How To Control Carbs And Lose Weight During Navratri
Winters get over and most of realise that we have put on a lot of weight. Then comes Navratri and we decide to make amends. Most of the Hindus get ready to fast for these nine days of Navratri, not only for the religious reasons but also for losing a few kilos of weight. Irony is that most of us realise after this nine days festival that in place of losing weight we have gained a few kilos more. Aah!! What a terrible feeling it is. Weight gain becomes a trap and we feel that we can never come out of it. We fret about our weight but have we ever thought that how many carbohydrates we have consumed during these nine days daily and all in the name of having Special Navratri Vrat foods?
Ditch these Carbohydrates with simple hacks
Let’s see what all do we eat during Navratri fasting and get ready to be fat, like real FAT.
Come Navratri and the humble potato becomes the king of the market. It is the most commonly used food during fasting. Do you know a medium sized potato is around 100 kcal, and then we have how many potatoes in a day…. Let’s recollect…. Aaloo bhartha, Aaloo kachori, Aaloo halwa, Aaloo Sago, Aaloo Tamatar Sabzi , and yes not to forget that spicy Aaloo Ka Raita. The list is unending. Then we fry potatoes for snacks in between calling it “Falaahar”. Seriously!! why are you committing suicide?
Have sauté vegetables and cucumber raita instead of potatoes in everything. Why not have Pumpkin or Lauki which are low carb vegetables.
This staple during Navratri fast is just simple and pure carbohydrates. A 50 gm serving of it means 175 kcal. Sago is a high glycemic index food which must be avoided at any cost despite of the fact that most if us wait for navratri to enjoy sabudana khichdi and sago vada.
If you must have sago then add a bit of soaked sago in diluted milk to make Kheer with stevia or add a spoonful of semi-cooked Saabudana to diluted curd to make Sago Raita.
Rajgiri / Amaranth / Chaulai / Ramdana
High in Carbohydrates but otherwise good source of protein, Amaranth makes an excellent cereal option which can be consumed during Navratri. It is rich in protein, fibre and various minerals and vitamins. But please avoid adding sugar and gur to make chaulai laddoo.
Make Amaranth kheer or add vegetables to make like dalia or upma out of it.
Sweet potatoes though are high in Carbohydrates but low in glycemic index. It is also rich in fibre and vitamin A. One large sweet potato provides 162 kcal. Avoid making Shakarkandi halwa, to control carbs as well as calories.
Add a few cubes to your salads or fruit chaat. It will boost your energy well and keep you going for all the Navratri days.
Kuttu (Buckwheat) floor
Kuttu ka atta, the favourite of fasting people is 75% carb and 25% high-quality protein. It is also a good source of fibre, magnesium, iron, vitamin B and calcium. But a rider here is it is a good food if you keep it fat-free.

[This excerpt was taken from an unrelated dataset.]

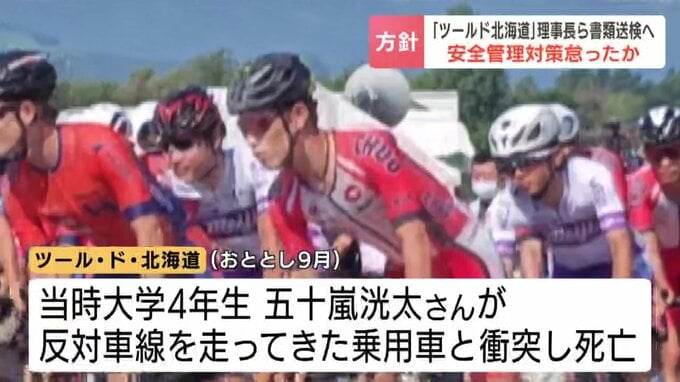 2023年、自転車ロードレース「ツール・ド・北海道」に出場した選手が乗用車と衝突し死亡した事故で、警察が主催した法人の理事長ら3人を書類送検する方針を固めたことがわかりました。

Rather than eating fried kuttu puris, Kachories or Pakoras, make kuttu cheela or chapatti with added spinach.
Samak (Vrat ka Chawal)
100g of samak or swank rice provides 170 calories with a lot of carbohydrates. Better be had in low quantity.
Use in vegetable upma, dalia, idli , dosa or pulao with extra vegetables to keep the carb content low and fiber high. Make kheer without sugar and either add stevia or a few almonds, dates and raisins to add that much-needed sweetness. You can add some Samak with Kuttu flour to make roti.
So these are some commonly used carb-laden foods during Navratri fast. Eat them but use your wisdom and remember never ever mix up Carbohydrates with Fats. If you do that then you are guilty of suicidal attempt, no seriously, carbs kill you.
Stay healthy and stay alive.
How many Carbs are you avoiding this Navratri?